Roundtable event sheds light on steps being taken as well as developing challenges
The decision by the CSA full name (CSA) to extend the implementation timeline for its client-focused reforms has doubtlessly been a relief to those in the investment industry – and it seems the majority are making good use of the extra time.
In a roundtable discussion conducted by regtech firm InvestorCOM on November 24 – shortly after IIROC and the MFDA announced rule amendments in line with the CFRs – 78% of participating IIROC dealers said that they’re making progress and are on schedule with respect to meeting their know-your-product (KYP) obligations by the December 31, 2021 deadline.
Sixty per cent of the dealers said they would rely on regtech to ensure they were meeting their KYP obligations, while one third said they would be counting on product committees to stay compliant.
“While the survey results depicted a relatively positive view on the level of CFR project progress, the discussion shed light on a number of key compliance gaps,” InvestorCOM said in a report outlining the findings from the event.

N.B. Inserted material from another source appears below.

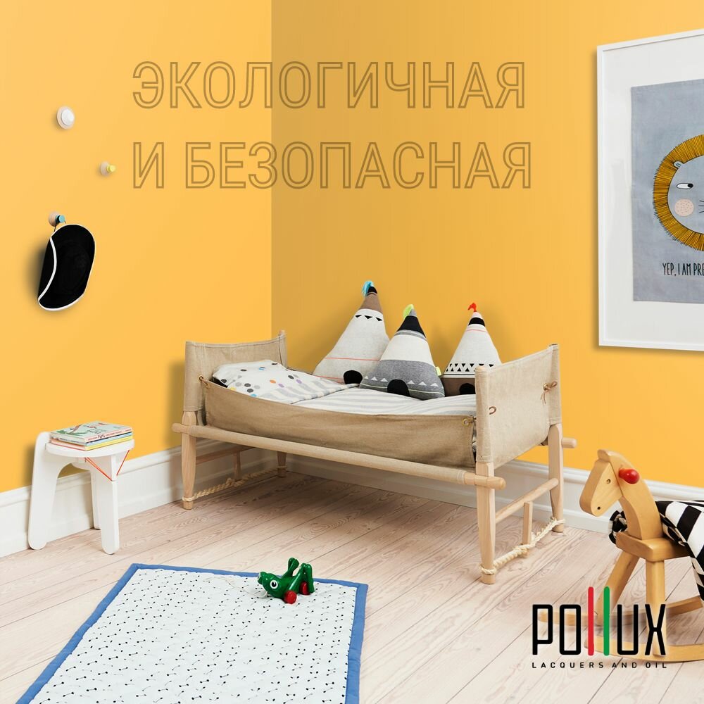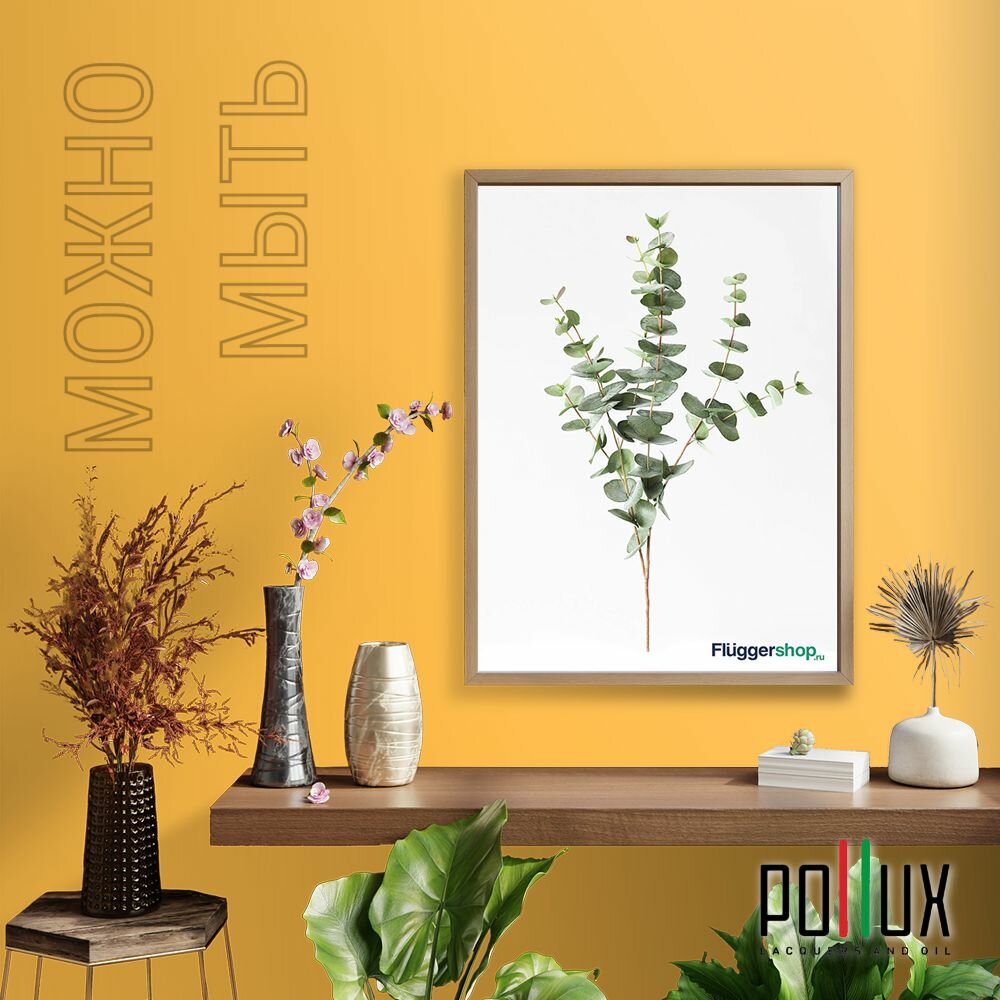 Краска моющаяся интерьерная для стен и потолков, Pollux INTERIOR без запаха, быстросохнущая, акриловая, матовое покрытие, цвет NCS S 1080-Y20R, 1л.

Based on IIROC guidelines surrounding CFR obligations, dealers may assess and approve securities on their shelf using a risk-based approach, though discussions at the event suggested a need to form policies, to define different levels of assessment, approval, and monitoring for different types of securities. Securities sold under a prospectus exemption, for example, may deserve more extensive product due diligence due to their illiquid and more opaque nature.
Participants also remarked that regulatory guidance around the need to monitor for significant changes is somewhat vague, with some reported internal dialogue around how to differentiate between material and significant change. Others suggested that relying solely on a product committee to monitor changes across all security types may result in colossal operational challenges, particularly because of the sheer volume and diversity of securities to keep track of.
When asked what product types they would focus additional due diligence efforts on, dealers surveyed by InvestorCOM ranked mutual funds, alternative funds, and ETFs highly. With respect to the changes they’d pay particularly close attention to, dealers showed an emphasis on product fees, investment objectives, risk ratings, and time horizons, given the knock-on impact those features would have on suitability.
With respect to monitoring approved persons’ KYP activities to ensure they meet obligations, almost 60% of survey respondents said they intend adopt new technology, while approximately 40% plan to leverage existing systems.